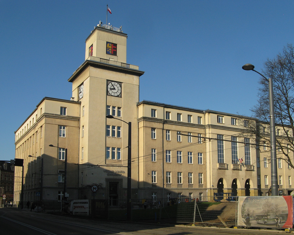 Chorzów, ratusz w modernistycznym kostiumie, foto Adrian Tync wikipedia
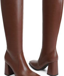- [Square Toe Knee High Boots]:Womens Knee High Boots are made of high quality pu leather,comfortable lining and durable sole, modern square toe and comfortable chunky heels design.
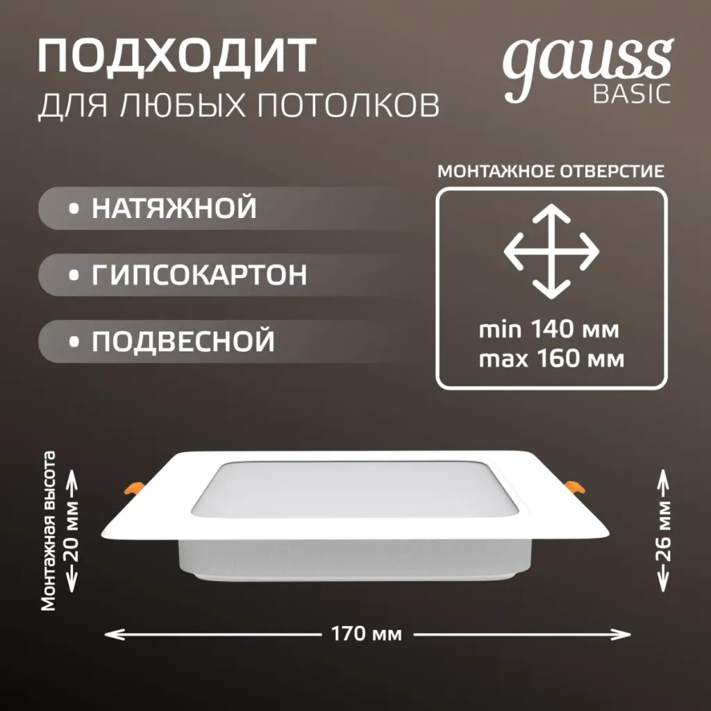 Встраиваемый светодиодный светильник Gauss 939111112
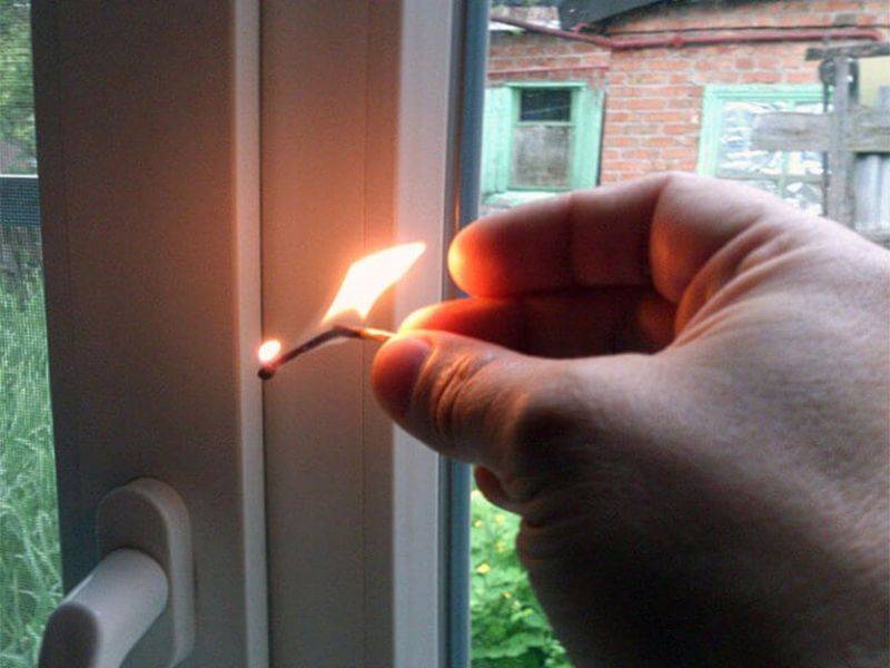 Если визуальным осмотром не удалось выявить причину, можно использовать некоторые хитрости. Например, намочить руку водой и поднести ее к разным частям окна. Еще более чувствительный способ – зажженная свеча или зажигалка. Пламя реагирует на любые колебания воздуха, они и укажут на места потери тепла.
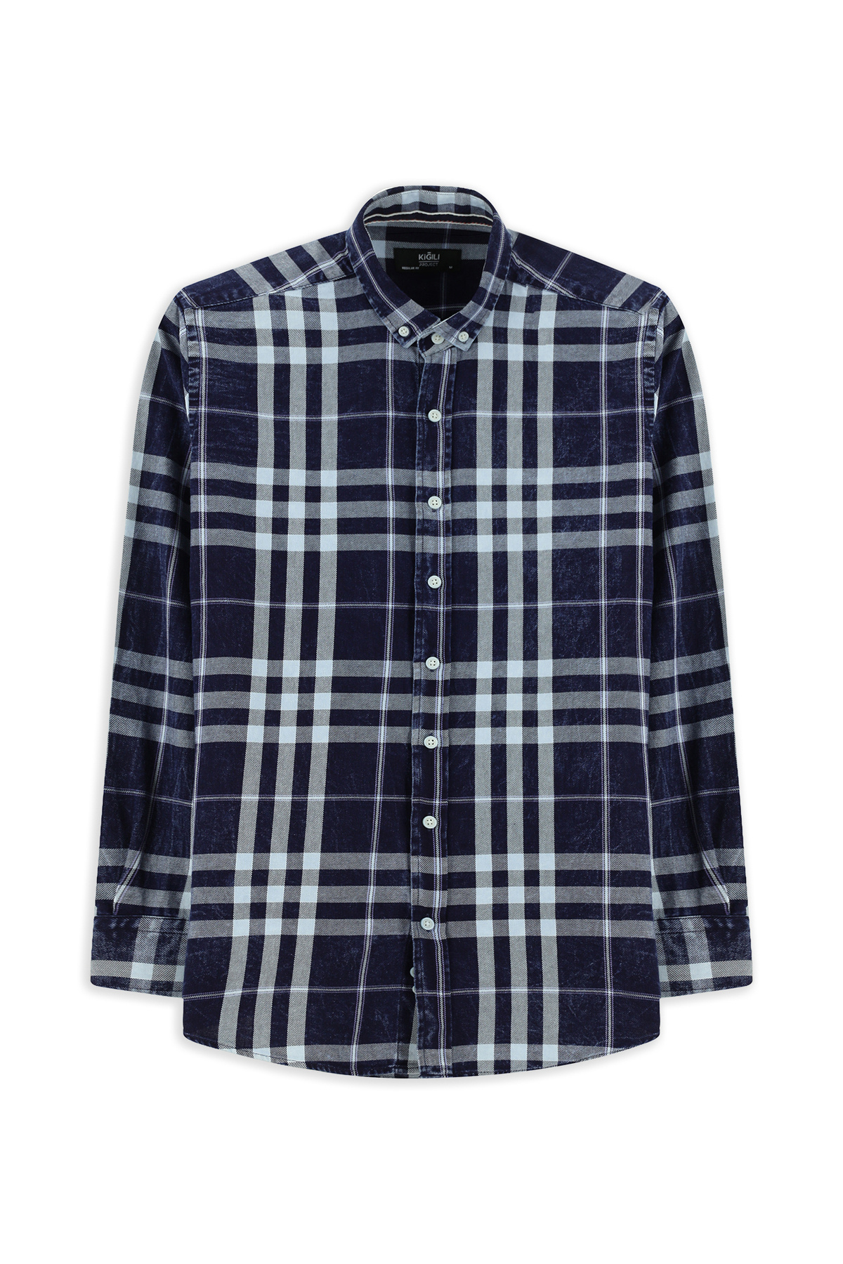 Uzun Kol Regular Fit Ekose Spor Düğmeli Yaka Pamuk Gömlek Uzun Kol Regular Fit Ekose Spor Düğmeli Yaka Pamuk Gömlek KK2543C0EK008 2XL
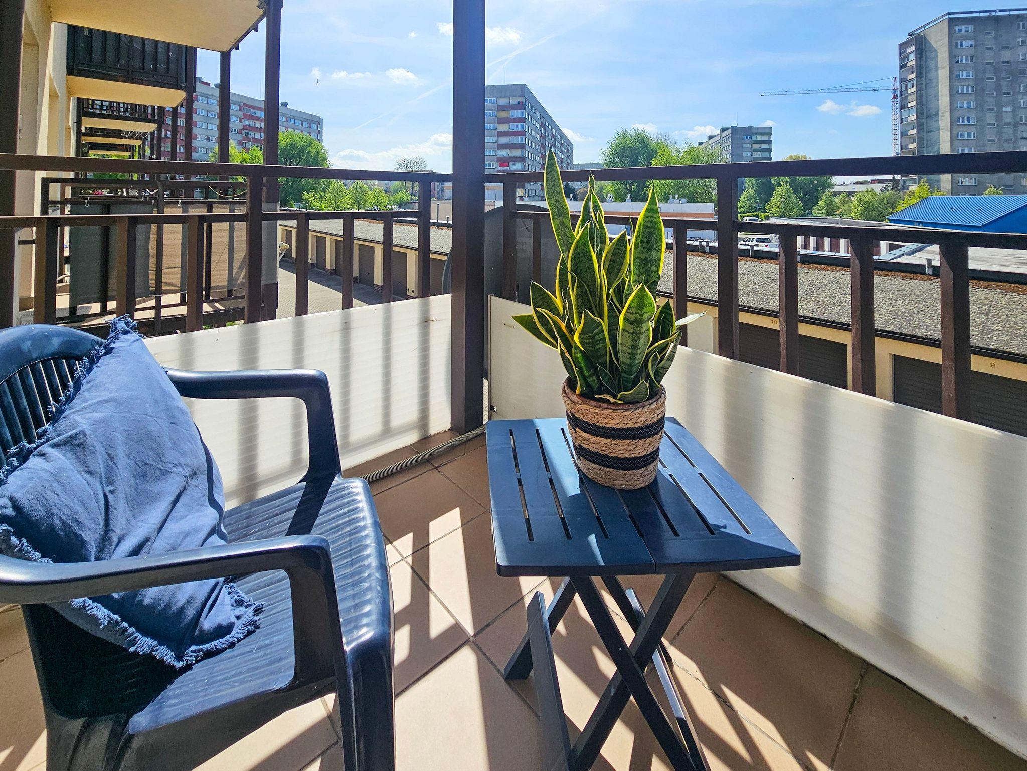 Ausgang vom Wohnzimmer auf den sonnigen Balkon mit 2 Stühlen und einem Tisch.
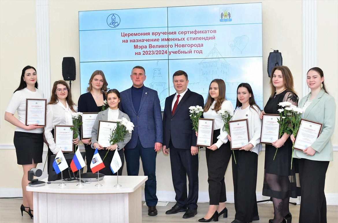 Сертификаты на получение стипендий вручали мэр Великого Новгорода Александр Розбаум и ректор НовГУ Юрий Боровиков. Они отметили весомый вклад, который студенты вносят в жизнь и развитие города.
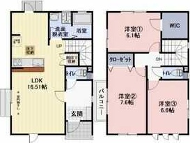 | 間取り詳細 | 洋室 7.6畳 、 洋室 6.6畳 、 洋室 6.1畳 、 LDK 16.51畳 |
:::
◆ **The problem**:
Begin at the top of the material above and output each line exactly, stopping after the line that holds "- [Square Toe". Leave out pictures.

◆ **Answer to this task**:
 Chorzów, ratusz w modernistycznym kostiumie, foto Adrian Tync wikipedia
- [Square Toe Knee High Boots]:Womens Knee High Boots are made of high quality pu leather,comfortable lining and durable sole, modern square toe and comfortable chunky heels design.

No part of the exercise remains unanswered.